Nidhi Sunil and Noah Katz-Appel didn’t exactly meet cute so much as meet, part ways, do a lot of emotional homework, and then find each other again when the timing finally made sense. They first crossed paths at a yoga studio in 2018. “I got her number at the studio, but she wasn’t really into me. So, she ghosted me for a while and then we ended up reconnecting as friends in 2022,” recalls Katz-Appel. The romance felt less like a whirlwind and more like a decision. “It wasn’t about romanticising being in love or a surprise that this relationship turned into a long-standing situation,” says Sunil. “It was about who I wanted to do life and the hard stuff with.”
That clarity shaped everything that followed, including their two weddings. “I wanted to hang out, have a good time as a guest at my own wedding,” says the Kerala-born, New York-based model. What unfolded was a multi-day, multi-city celebration that felt less like an event and more like a reflection of how they live: intentionally, communally, and very much on their own terms.
An on-brand non-surprise proposal
Noah: I ended up proposing in Kerala while we were scouting wedding venues. We stepped onto this property and immediately knew—this is it.
Nidhi: He asked me if I wanted to be surprised or not, and I pulled up some references because I knew what cut I wanted for the ring, but the rest was up to him really. It wasn’t like a full-on surprise either, which I loved. He just was like, I won’t tell you when it’s happening. But I knew.

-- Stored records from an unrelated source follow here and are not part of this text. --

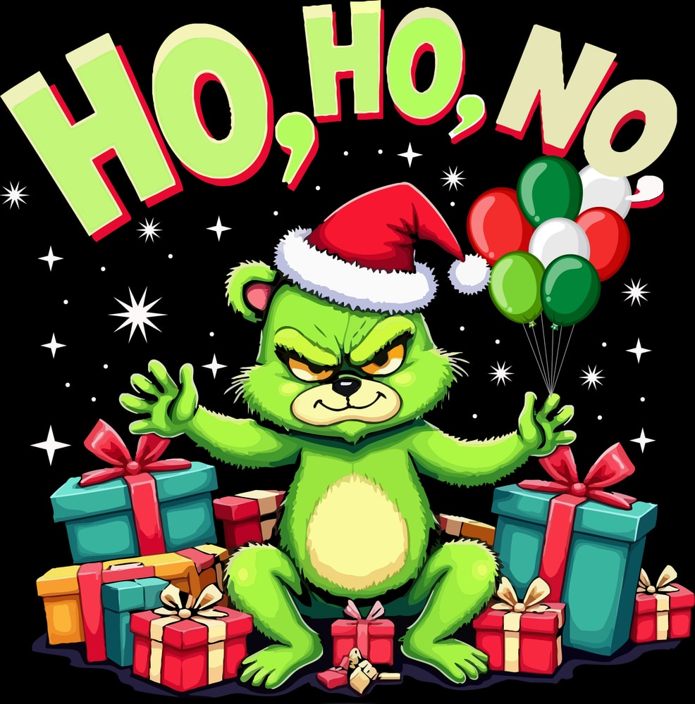 A cartoon cat with a grumpy expression, wearing a Santa hat and surrounded by presents and balloons, with the text 'HO, HO, NO' in green and red letters.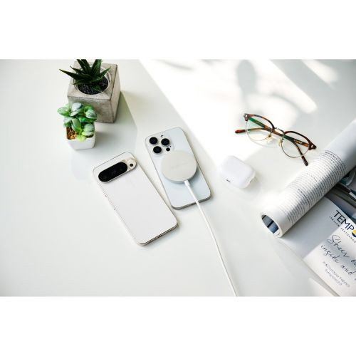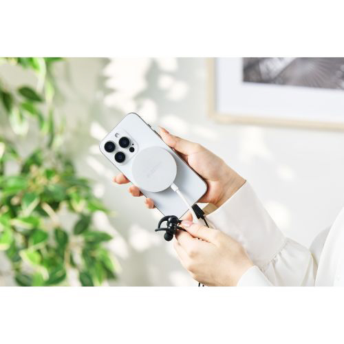 マグネットでスマートフォンの背面にぴったりくっつくため、操作しながらの充電も快適です。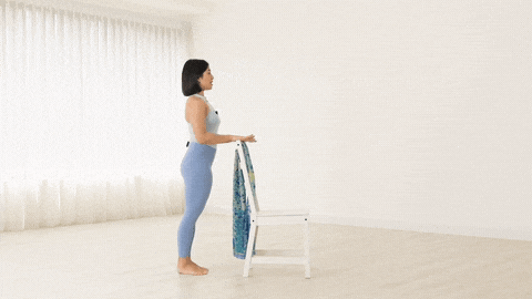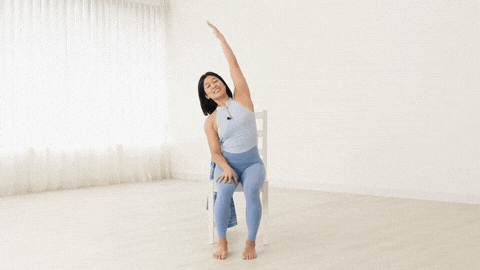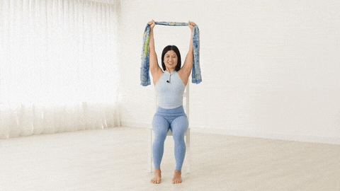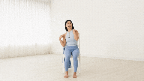 → 保持骨盆稳定,不要离开椅子。保持5次深呼吸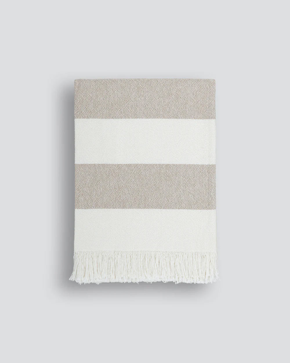 Capture the feeling of summer with the carefree aesthetic of this 100% cotton throw. Featuring a wide stripe design in a powdery pebble shade, the Cheltenham is cross woven with white and finished with frayed edge detailing. Inspiring memories of sun-drenched picnics and relaxed coastal living, this soft, medium-weight throw is the perfect summer accessory.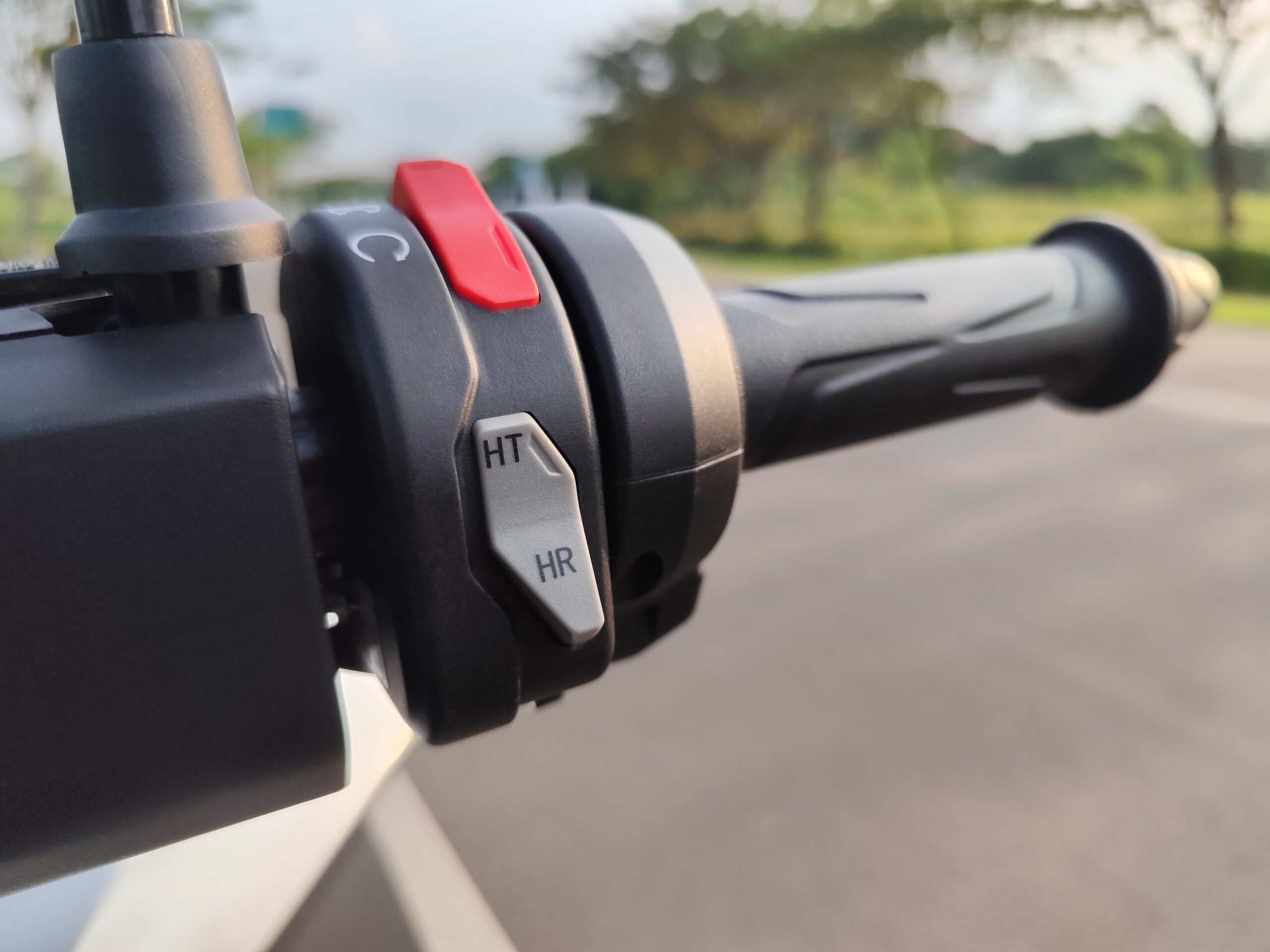 Kemudian, Maka Cavalry ini punya beberapa fitur yang cukup menarik untuk di motor. Di stang bagian kiri, standar saja. Ada untuk sein, lampu utama, klakson, R (reverse) dan juga hazard.

Noah: I always had it in the back of my mind that if we were going to do an official proposal, it was going to be someplace special. I set it up on a boat in the backwaters of Kerala, right where we’d end up getting married.
A park, a pin drop, and a chuppah
Noah: We ended up getting married for the first time just a year into our relationship with a small Jewish ceremony in my birthplace, Cambridge, Massachusetts.
Nidhi: We had a little celebration in a park where a lot of Noah’s family’s threshold moments are celebrated. We had the same Jewish cantor that married his mom the second time, his brother, and a few close friends there. We didn’t hire a stylist. I did my own makeup. But we had an amazing Bangladeshi photographer—Amir Hamja—document the day for us.
Noah: Just a few weeks before, we just told a bunch of our friends, hey, we’re gonna get married. We just sort of popped up at the park on the day, found a spot, dropped the pin, and had our friends meet us there.